Start of Information

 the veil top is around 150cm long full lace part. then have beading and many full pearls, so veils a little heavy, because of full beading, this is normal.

End of Information
Start of Information

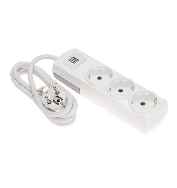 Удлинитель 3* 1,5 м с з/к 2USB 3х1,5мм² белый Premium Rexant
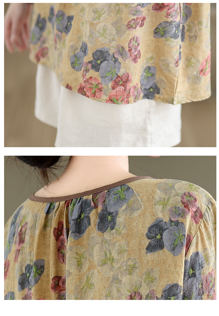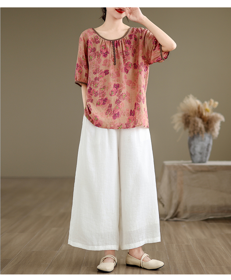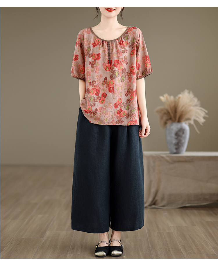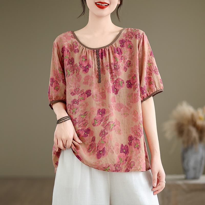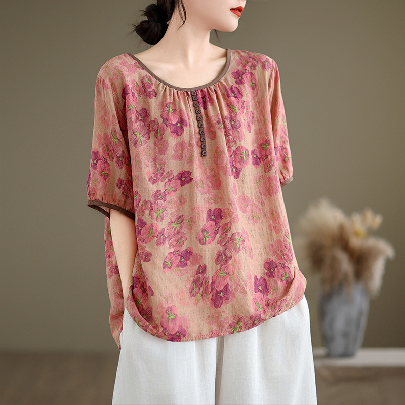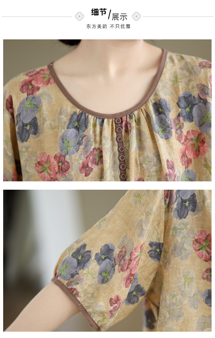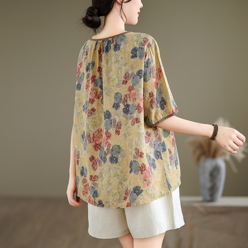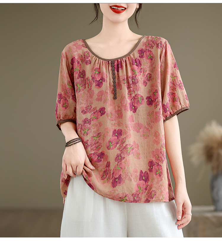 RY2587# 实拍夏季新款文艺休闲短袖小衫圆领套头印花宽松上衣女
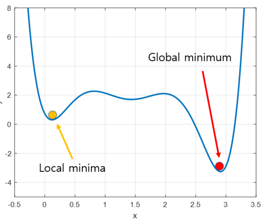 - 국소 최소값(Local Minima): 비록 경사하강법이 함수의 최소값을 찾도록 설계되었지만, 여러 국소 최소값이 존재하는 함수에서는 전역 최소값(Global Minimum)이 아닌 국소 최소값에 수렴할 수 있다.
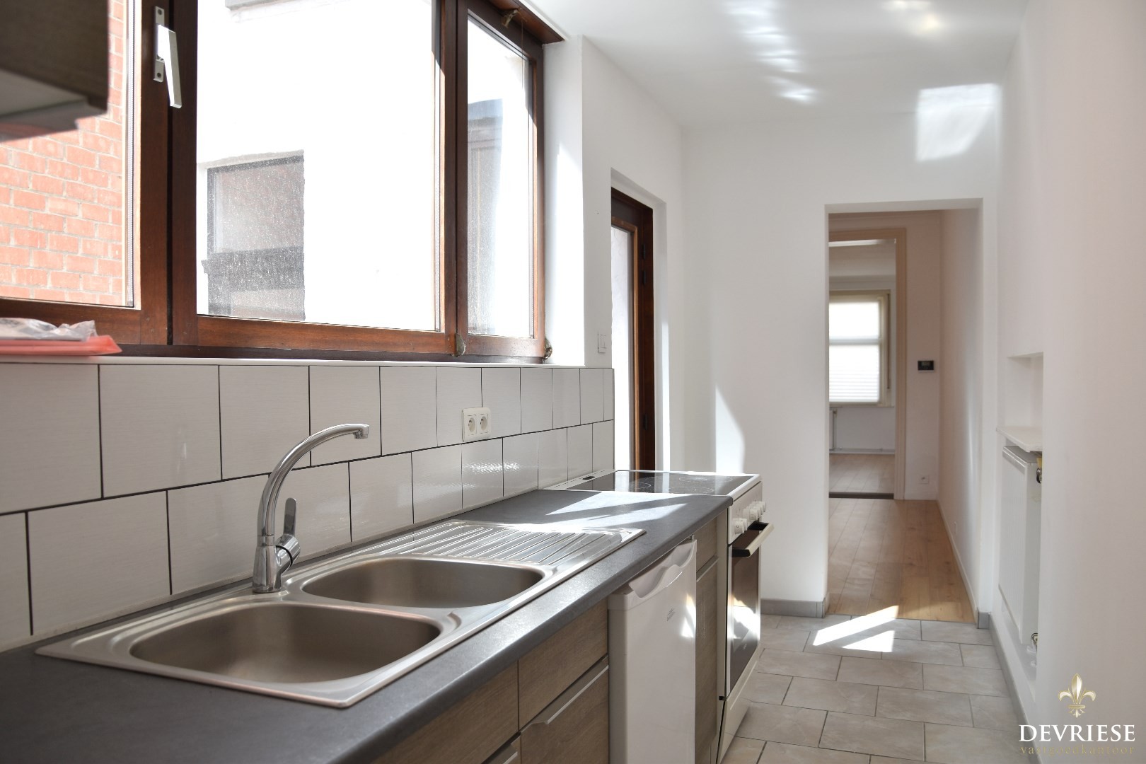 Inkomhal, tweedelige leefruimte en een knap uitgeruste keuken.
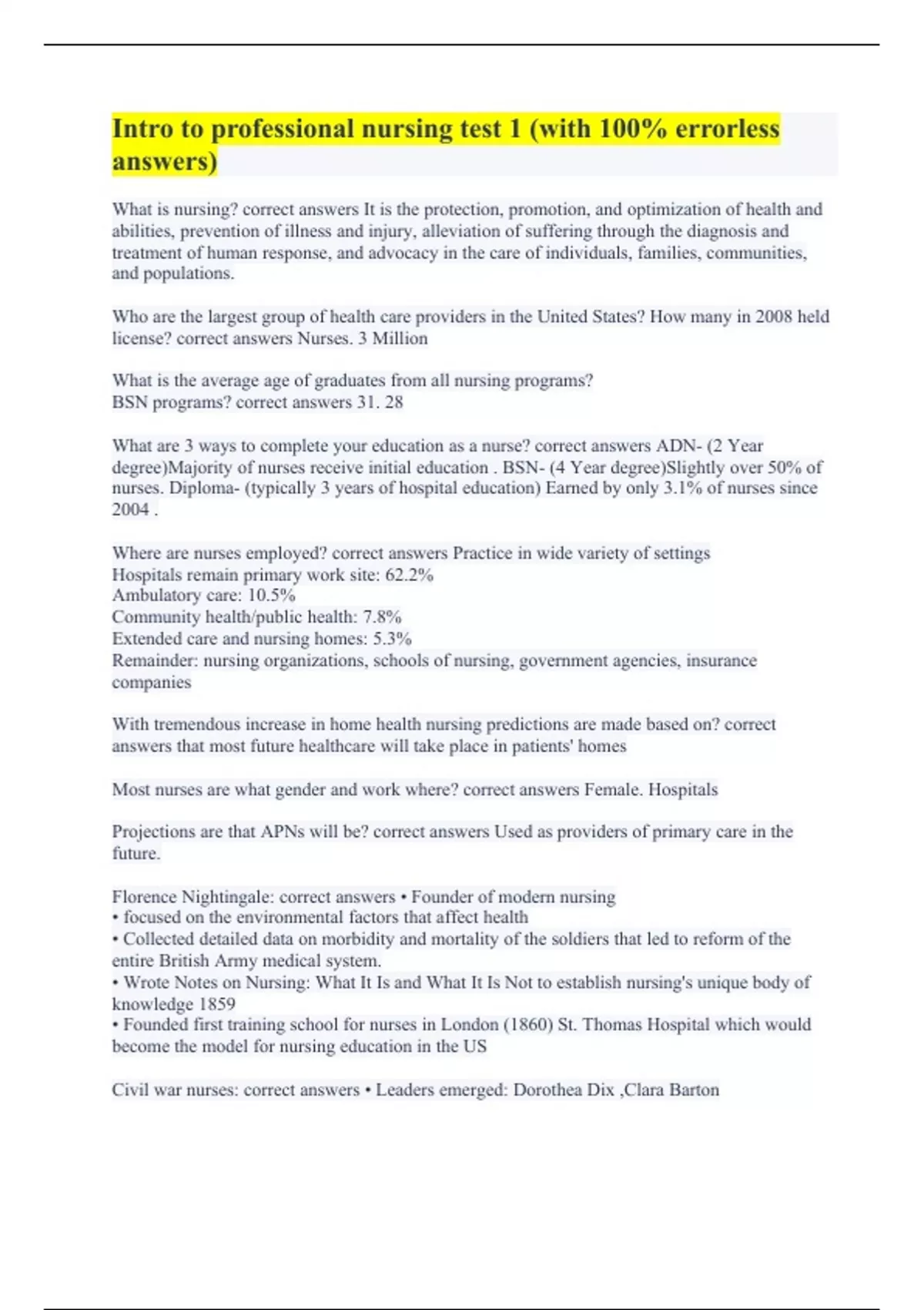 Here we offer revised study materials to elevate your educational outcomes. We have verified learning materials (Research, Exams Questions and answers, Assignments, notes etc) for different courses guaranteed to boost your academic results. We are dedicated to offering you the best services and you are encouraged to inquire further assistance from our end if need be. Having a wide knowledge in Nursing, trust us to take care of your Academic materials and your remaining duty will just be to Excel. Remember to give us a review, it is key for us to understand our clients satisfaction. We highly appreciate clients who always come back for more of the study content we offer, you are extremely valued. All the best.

End of Information
Start of Information

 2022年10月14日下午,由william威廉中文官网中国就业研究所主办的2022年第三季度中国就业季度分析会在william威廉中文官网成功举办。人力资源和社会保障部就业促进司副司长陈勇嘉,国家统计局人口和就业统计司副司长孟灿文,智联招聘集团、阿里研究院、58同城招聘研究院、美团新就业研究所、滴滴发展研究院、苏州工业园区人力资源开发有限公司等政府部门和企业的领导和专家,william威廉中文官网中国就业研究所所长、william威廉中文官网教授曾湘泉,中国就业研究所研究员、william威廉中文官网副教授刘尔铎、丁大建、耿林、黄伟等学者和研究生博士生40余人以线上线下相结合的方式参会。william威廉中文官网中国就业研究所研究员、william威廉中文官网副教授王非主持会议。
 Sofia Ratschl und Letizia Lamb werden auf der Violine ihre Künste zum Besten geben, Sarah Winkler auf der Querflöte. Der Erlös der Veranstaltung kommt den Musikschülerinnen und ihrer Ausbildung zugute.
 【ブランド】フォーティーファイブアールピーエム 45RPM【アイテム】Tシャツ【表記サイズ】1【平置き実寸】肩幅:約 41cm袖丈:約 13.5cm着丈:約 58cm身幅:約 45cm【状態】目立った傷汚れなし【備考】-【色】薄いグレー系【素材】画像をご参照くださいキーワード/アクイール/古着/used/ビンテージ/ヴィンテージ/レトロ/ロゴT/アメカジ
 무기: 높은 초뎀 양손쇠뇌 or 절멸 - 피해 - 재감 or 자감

End of Information

* [Problem details] Return exactly the lines above, from the one with "- 국소 최소값(Local" up to and including the one with "Inkomhal, tweedelige leefruimte", and include no pictures.

* [Task response]
 - 국소 최소값(Local Minima): 비록 경사하강법이 함수의 최소값을 찾도록 설계되었지만, 여러 국소 최소값이 존재하는 함수에서는 전역 최소값(Global Minimum)이 아닌 국소 최소값에 수렴할 수 있다.
 Inkomhal, tweedelige leefruimte en een knap uitgeruste keuken.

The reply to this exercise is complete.